>>>>>

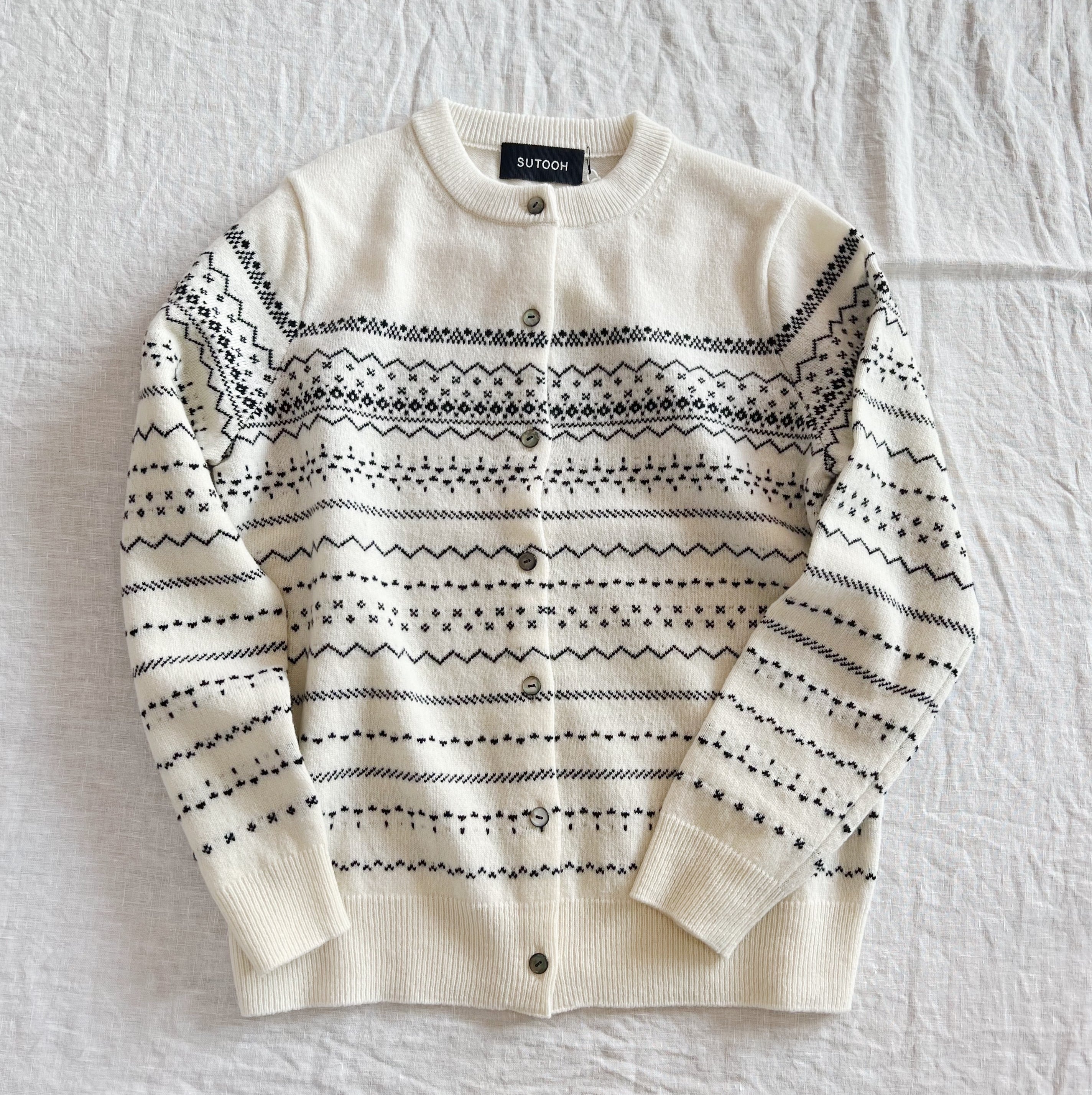 オーストラリア産メリノ種のラムズウールを使った丸首カーディガン。
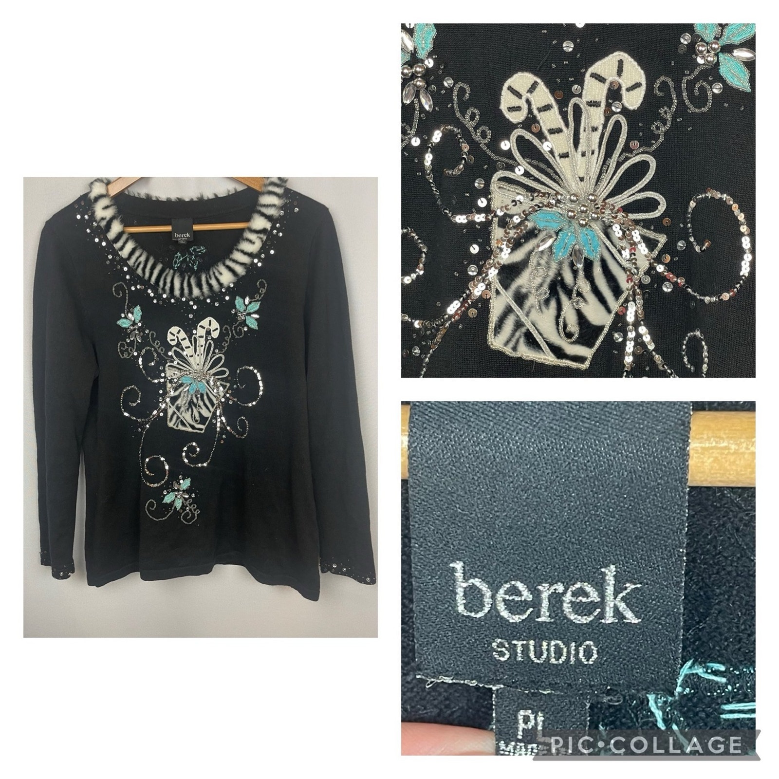 Sweater has embellished details on the sleeve as well as the front.
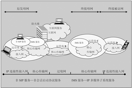 如圖3所示,與一個被訪問的網(wǎng)不同,IP多媒體子系統(tǒng)還支持母網(wǎng)的概念。在這個例子中,母網(wǎng)是支持具有登錄權的IP多媒體子系統(tǒng)的核心網(wǎng)。被訪問的網(wǎng)是當前向用戶提供IP多媒體子系統(tǒng)服務連接的網(wǎng)。圖3中的運營商A擁有許多疊接網(wǎng)用戶的母網(wǎng),而運營商C擁有移動電話的母網(wǎng),而用戶正在運營商D的網(wǎng)絡中漫游。
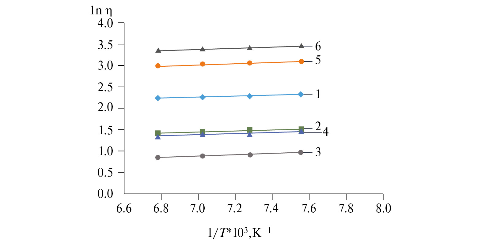 Рис. 2. Температурная зависимость динамической вязкости от концентрации сульфата кальция в расплаве, %: 1 – 0, 2 – 10, 3 – 20, 4 – 30, 5 – 40, 6 – 55.
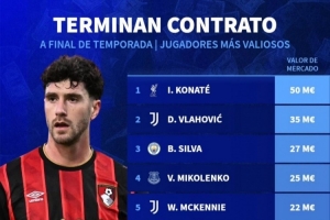 体育资讯2月17日讯 德国转会市场统计了本赛季结束后合同到期球员的身价,并列出榜单,科纳特5000万欧居首,弗拉霍维奇3500万欧次席。
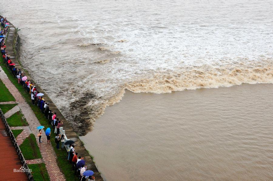 雄偉壯觀的錢江潮成因除月、日引力影響外,還跟錢塘江口狀似喇叭形有關。錢塘江南岸赭山以東近50萬畝圍墾大地象半島似地擋住江口,使錢塘江赭山至外十二工段酷似肚大口小的瓶子,潮水易進難退,到外十二工段僅寬幾公里,江口東段河床又突然上升,灘高水淺,當大量潮水從錢塘江口湧進來時,由於江面迅速縮小,使潮水來不及均勻上升,就只好後浪推前浪,前浪跑不快,後浪追上,層層相疊。其次還跟錢塘江水下多沉沙有關,這些沉沙對潮流起阻擋和磨擦作用,使潮水前坡變陡,速度減緩,從而形成後浪趕前浪,一浪疊一浪,一浪高一浪涌潮。
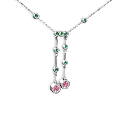 Pembe kuvars ve yeşil kuvars 18 ayar beyaz altın kolye (40 cm beyaz altın rolo zincir)
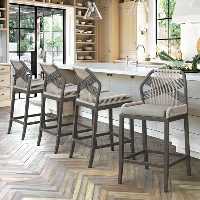 Overall Size: 19"W x 19" D x 35.8" H; Seat: 18" W x 17.3" D x 26" H; Back: 15" W x 12.6" H. These countertop stools feature bent wood frames and metal reinforcement, with simple lines that blend vintage and modern aesthetics. The bar stools can bear up to 330 lbs and are ideal for kitchen counters, islands, restaurants, cafes, bistros, and bars. - 【Effortless Maintenance】:
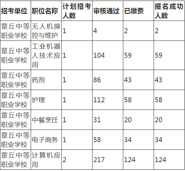 四、考试考试分为笔试和面试。(一)笔试笔试只考一科,满分100分。考试内容包括教育基础知识、专业知识和专业技能三个方面的内容。教育基础知识包括教育学、心理学、教育法律法规、教师职业道德、教育常识等内容;专业知识和专业技能为教育部公布的专业教学标准中的应知应会内容。为保证新进人员基本素质,笔试设定合格分数线,由济南市章丘区教育和体育局根据岗位招聘人数和笔试情况来确定。笔试采取统一考试、统一标准、统一阅卷的方式进行。笔试时间:2025年7月26日8:30—11:00。应聘人员凭笔试准考证和本人有效身份证件(与报名时一致)参加笔试。笔试*请登陆报名网站查询,面试人选名单在济南市章丘区人民政府网站(http://www.jnzq.gov.cn)公布。(二)面试面试时间、地点详见《面试通知单》。应聘人员领取《面试通知单》的同时,缴纳面试考务费70元/人。应聘人员凭《面试通知单》和本人有效身份证件(与报名时一致)参加面试。面试采取试讲的形式,主要考察应聘人员综合运用教育学、心理学知识和现代教育手段实现教学目的、组织课程实施、掌握课程内容、运用教学语言和教学资源、解决实际教学问题等方面的能力,以及使用普通话、板书、讲解及课堂示范等方面的技能。面试由招聘单位组织实施。面试人选从达到笔试合格分数线的应聘人员中,按照开考比例,根据招聘岗位和招聘人数由高分到低分依次确定(笔试*相同的,均确定为进入面试范围人选),并面向社会公布。笔试合格人数出现空缺的岗位,取消招聘;达不到开考比例的,按实有合格人数确定面试人选。面试人选未按规定时间向招聘单位提交有关材料的,视为放弃。经审查不符合应聘条件的,取消其面试资格。因放弃或取消资格造成的空缺,从达到笔试合格分数线的应聘人员中按笔试*由高分到低分依次递补。面试设定合格分数线为60分,达到合格分数线的方可列为考察体检范围。笔试*、面试*、考试总*均计算到小数点后两位数,尾数四舍五入。面试结束后,按照笔试*占40%、面试*占60%的比例,百分制合成考试总*。根据考试总*,由高分到低分按不高于1:2的比例,确定进入考察体检范围人选并面向社会公布。同一招聘岗位应聘人员出现考试总*并列的,按照面试*由高分到低分确定进入考察体检范围人选,面试*仍相同的进行加试。
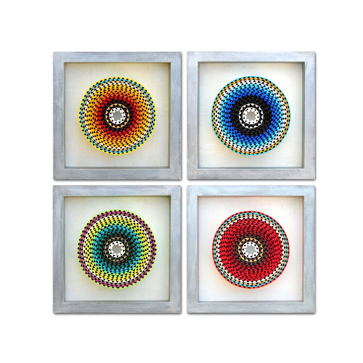 A coat of clear lacquer has been applied on the wheels for long life. The artworks are fitted with saw tooth hangers and are ready to hang.
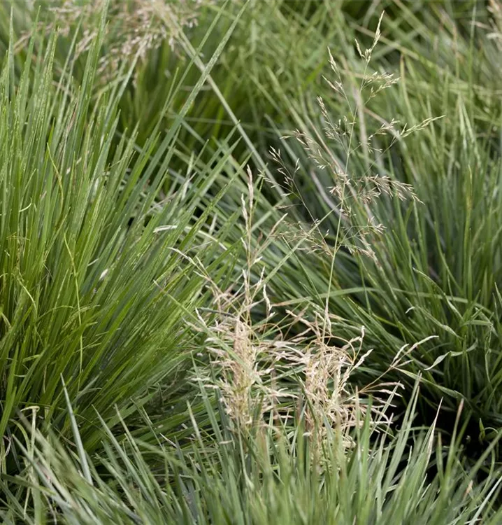 Die Garten-Schmiele 'Tauträger' (Deschampsia cespitosa) ist mit ihrer mittelgrünen Blattfärbung ein dekoratives Gestaltungselement im Garten, welches sich an einem halbschattigen bis schattigen Standort mit einem möglichst durchlässigen, humosen Boden am wohlsten fühlt. Die grünen Blütenwedel schmücken die aufrecht und horstbildend wachsende Pflanze ab Sommer. Bei günstigen Bedingungen erreicht dieses winterharte Gras eine Höhe von ca. 40 cm und wird bis zu 40 cm breit.
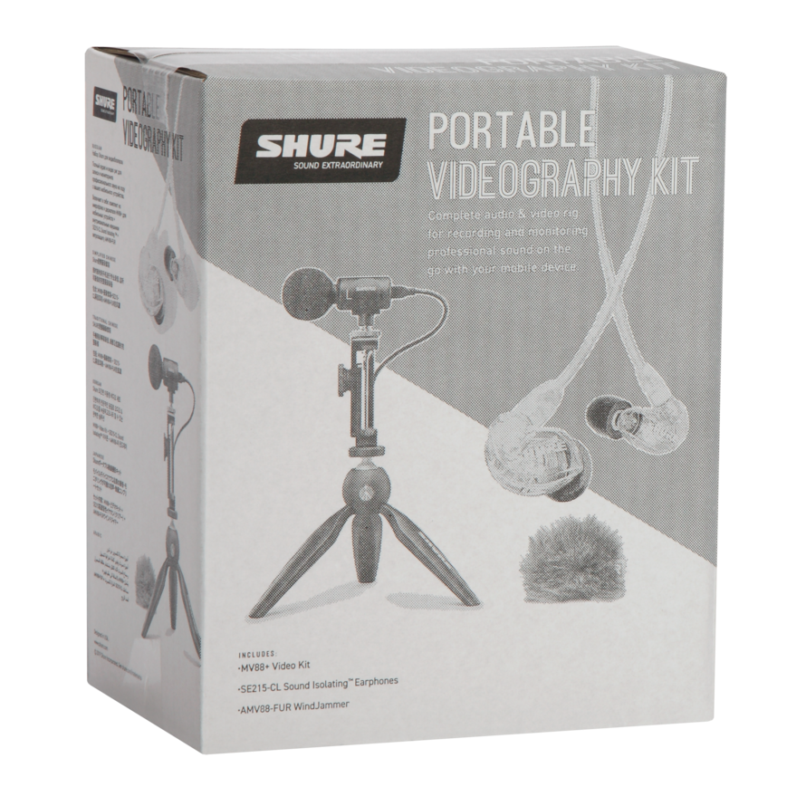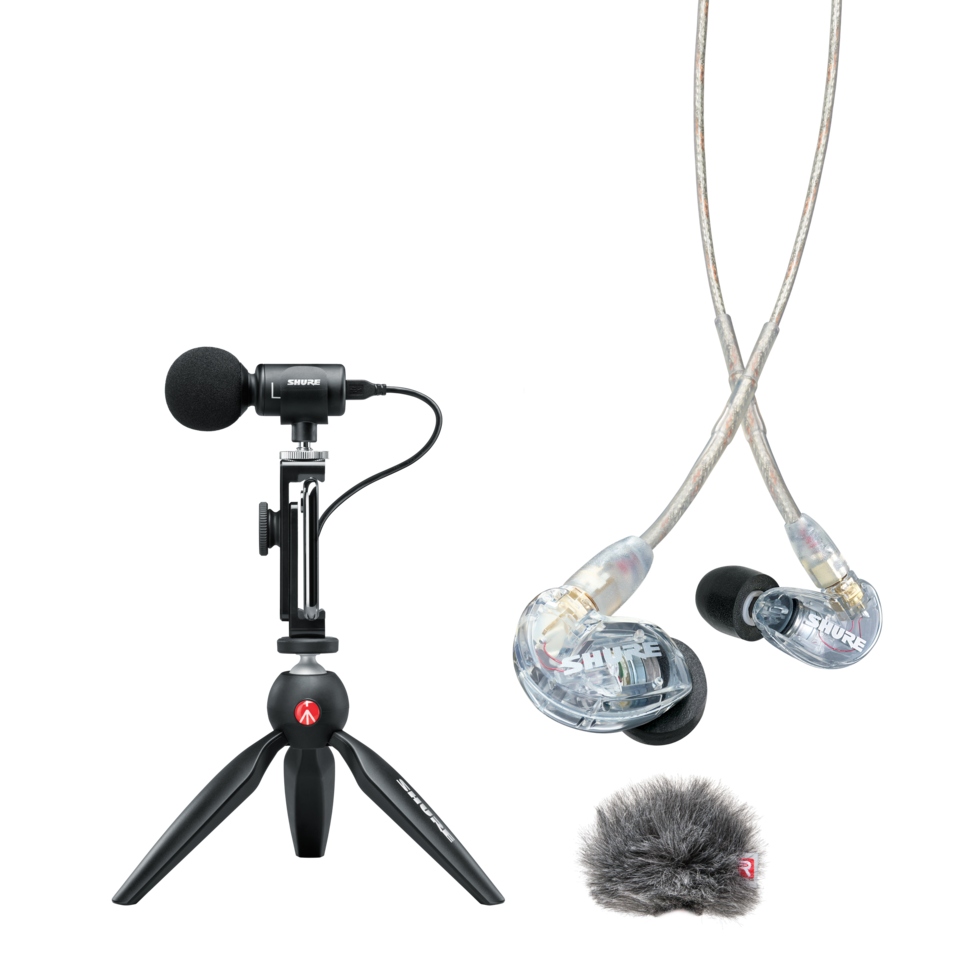 Das Shure Mobile Video-Recording Kit ist dein professionelles Recording-Set. Mit dabei: das MV88+ Video Kit, ein SE215 Ohrhörer für das Monitoring und ein AMV88-Fur Windschutz für Außenaufnahmen.
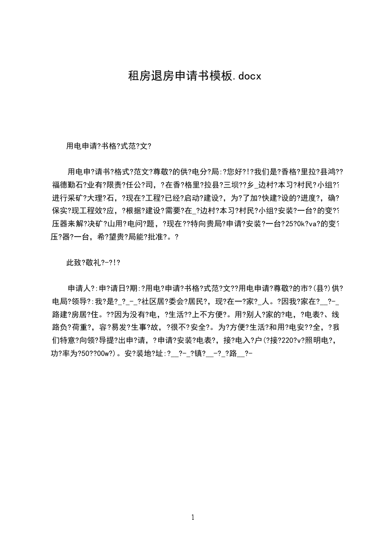 我是_市_村_队_户居民:___。因本人父母有老宅一处两间平房__㎡,属于合法建筑。因长期未住,没有安装电表,现老人要搬回老宅居住,没有电表,给生活带来诸多不便,因此需要贵处帮我重新安装电表并开户。特向贵公司提出申请,望尽快给予安排落实。谢谢!
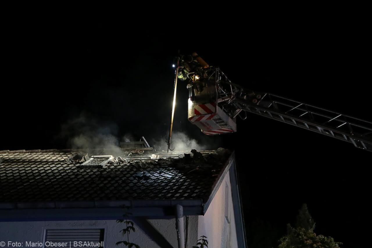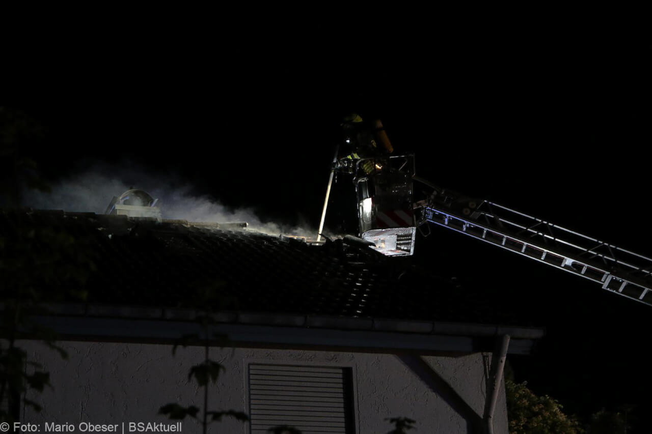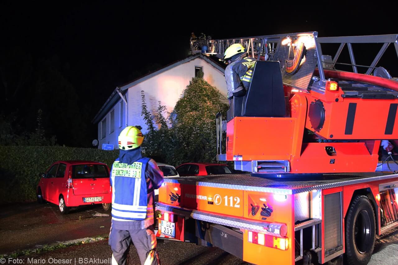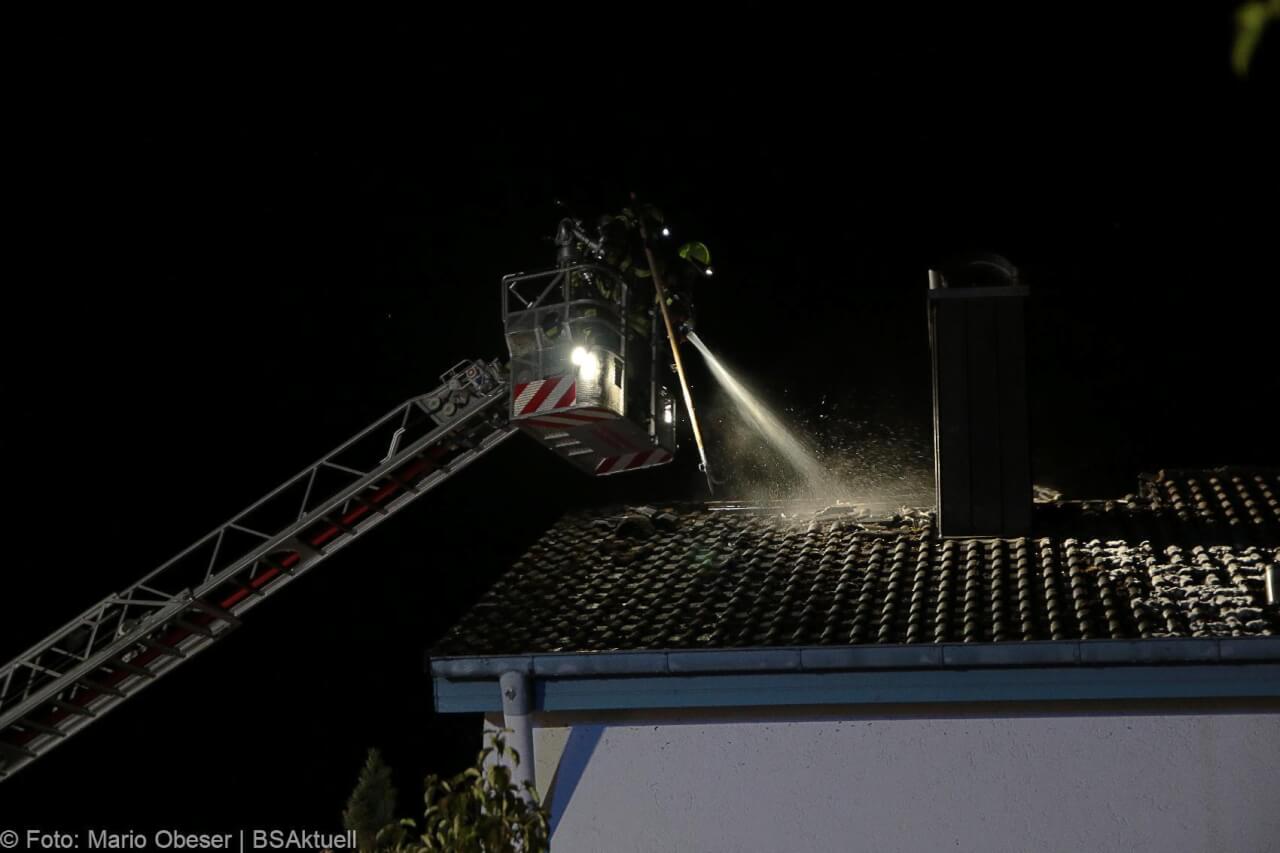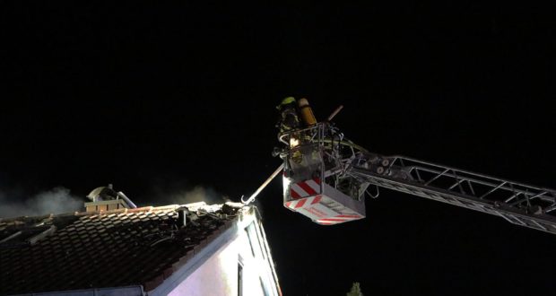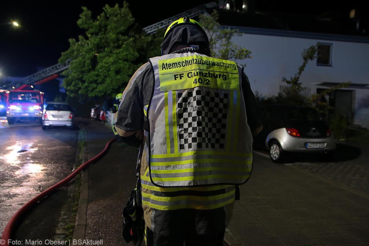 Die 40 Kräfte der Feuerwehr Günzburg brachten die Drehleiter in Stellung und öffneten teilweise das Dach, um Glutnester freizulegen und abzulöschen. Zeitgleich fand ein Löschangriff auch innerhalb des Dachstuhls statt.
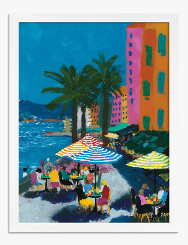 Vibrant Riviera Café Scene Art Print
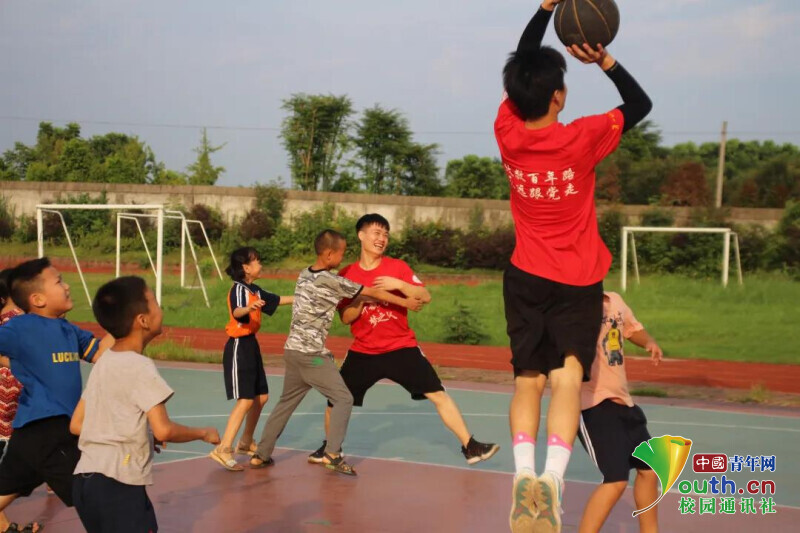 中国青年网益阳7月28日电(通讯员 鄢奕铭 何星逸)2021年7月10日起,bat365中文官方网站信息科学与工程学院新航向·梦之队赴迎风桥镇“致敬百年路,永远跟党走” 乡村振兴实践团24名队员奔赴益阳市资阳区迎风桥镇长塘仑小学,开展为期15天的暑假“三下乡”社会实践活动。队员们尽情挥洒自己的青春热情,为迎风桥学子带来温暖,带去了丰富多彩的课堂:独具匠心的红色趣味故事课、生动有趣的主持朗诵课、动手操作的趣味手工课、活力四射的篮球课……

<<<<<

> **Task directions**
The lines to reproduce run from the one above containing "如圖3所示,與一個被訪問的網" through the one containing "雄偉壯觀的錢江潮成因除月、日". Copy them exactly and leave out all pictures.

> **Expected answer**
 如圖3所示,與一個被訪問的網(wǎng)不同,IP多媒體子系統(tǒng)還支持母網(wǎng)的概念。在這個例子中,母網(wǎng)是支持具有登錄權的IP多媒體子系統(tǒng)的核心網(wǎng)。被訪問的網(wǎng)是當前向用戶提供IP多媒體子系統(tǒng)服務連接的網(wǎng)。圖3中的運營商A擁有許多疊接網(wǎng)用戶的母網(wǎng),而運營商C擁有移動電話的母網(wǎng),而用戶正在運營商D的網(wǎng)絡中漫游。
 Рис. 2. Температурная зависимость динамической вязкости от концентрации сульфата кальция в расплаве, %: 1 – 0, 2 – 10, 3 – 20, 4 – 30, 5 – 40, 6 – 55.
 体育资讯2月17日讯 德国转会市场统计了本赛季结束后合同到期球员的身价,并列出榜单,科纳特5000万欧居首,弗拉霍维奇3500万欧次席。
 雄偉壯觀的錢江潮成因除月、日引力影響外,還跟錢塘江口狀似喇叭形有關。錢塘江南岸赭山以東近50萬畝圍墾大地象半島似地擋住江口,使錢塘江赭山至外十二工段酷似肚大口小的瓶子,潮水易進難退,到外十二工段僅寬幾公里,江口東段河床又突然上升,灘高水淺,當大量潮水從錢塘江口湧進來時,由於江面迅速縮小,使潮水來不及均勻上升,就只好後浪推前浪,前浪跑不快,後浪追上,層層相疊。其次還跟錢塘江水下多沉沙有關,這些沉沙對潮流起阻擋和磨擦作用,使潮水前坡變陡,速度減緩,從而形成後浪趕前浪,一浪疊一浪,一浪高一浪涌潮。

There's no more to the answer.